Question

A hydrometer executes simple harmonic motion when it is pushed down vertically in a liquid of density \(\rho\). If the mass of hydrometer is \(m\) and the radius of the hydrometer tube is \(r\), then the time period of oscillation is

• A. \(\displaystyle T=2\pi\sqrt{\frac{m}{\pi r^2\rho g}}\)
• B. \(\displaystyle T=2\pi\sqrt{\frac{\pi r^2\rho g}{m}}\)
• C. \(\displaystyle T=\frac1{2\pi}\sqrt{\frac{m}{\pi r^2\rho g}}\)
• D. \(\displaystyle T=\frac1{2\pi}\sqrt{\frac{\pi r^2\rho g}{m}}\)

Hint:

A floating body performs SHM because a small displacement changes the buoyant force proportionally to displacement, producing a restoring force.

Answer 1

The Correct Option is A

Step 1: Find the restoring force.
Suppose the hydrometer is pushed down by a small distance \(x\).
The additional volume of liquid displaced is
\[ \Delta V=A x \] where \(A\) is the cross-sectional area of the tube.
Since the radius of the tube is \(r\),
\[ A=\pi r^2 \]
Hence,
\[ \Delta V=\pi r^2x \]

Step 2: Calculate the additional buoyant force.
Additional buoyant force is equal to the weight of the displaced liquid.
Therefore,
\[ F=\rho g\Delta V \]
\[ F=\rho g(\pi r^2x) \]
\[ F=\pi r^2\rho gx \]
This force acts upward and opposes the displacement.

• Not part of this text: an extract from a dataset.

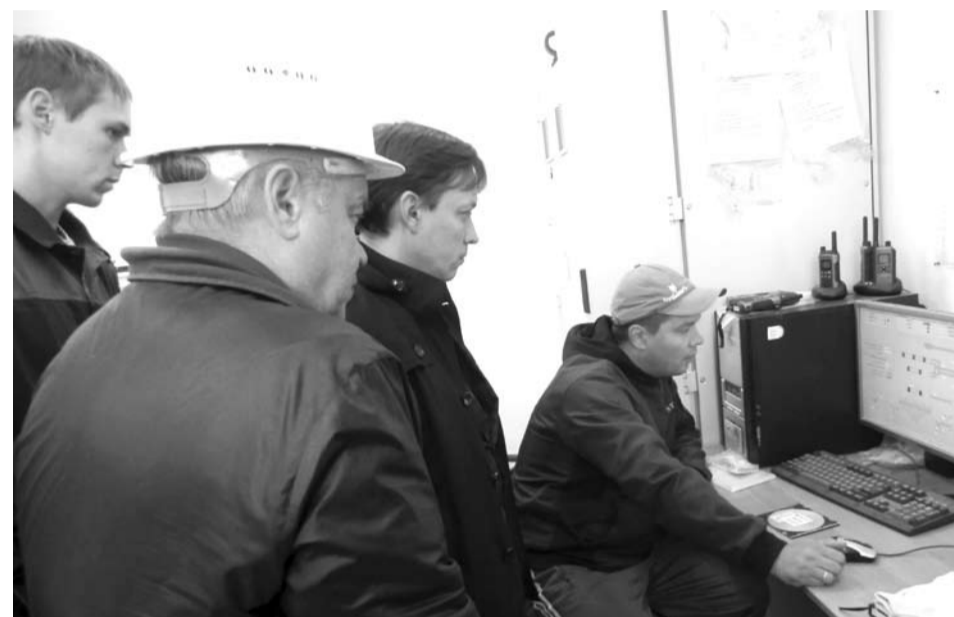
...и технологией производства нового завода.

Hence, restoring force is
\[ F=-\pi r^2\rho gx \]

Step 3: Compare with SHM equation.
For simple harmonic motion, restoring force is
\[ F=-kx \]
Comparing,
\[ k=\pi r^2\rho g \]
The time period of SHM is
\[ T=2\pi\sqrt{\frac{m}{k}} \]
Substituting \(k=\pi r^2\rho g\),
\[ T=2\pi\sqrt{\frac{m}{\pi r^2\rho g}} \]

Step 4: Final conclusion.
Hence, the time period of oscillation is
\[ \boxed{T=2\pi\sqrt{\frac{m}{\pi r^2\rho g}}} \]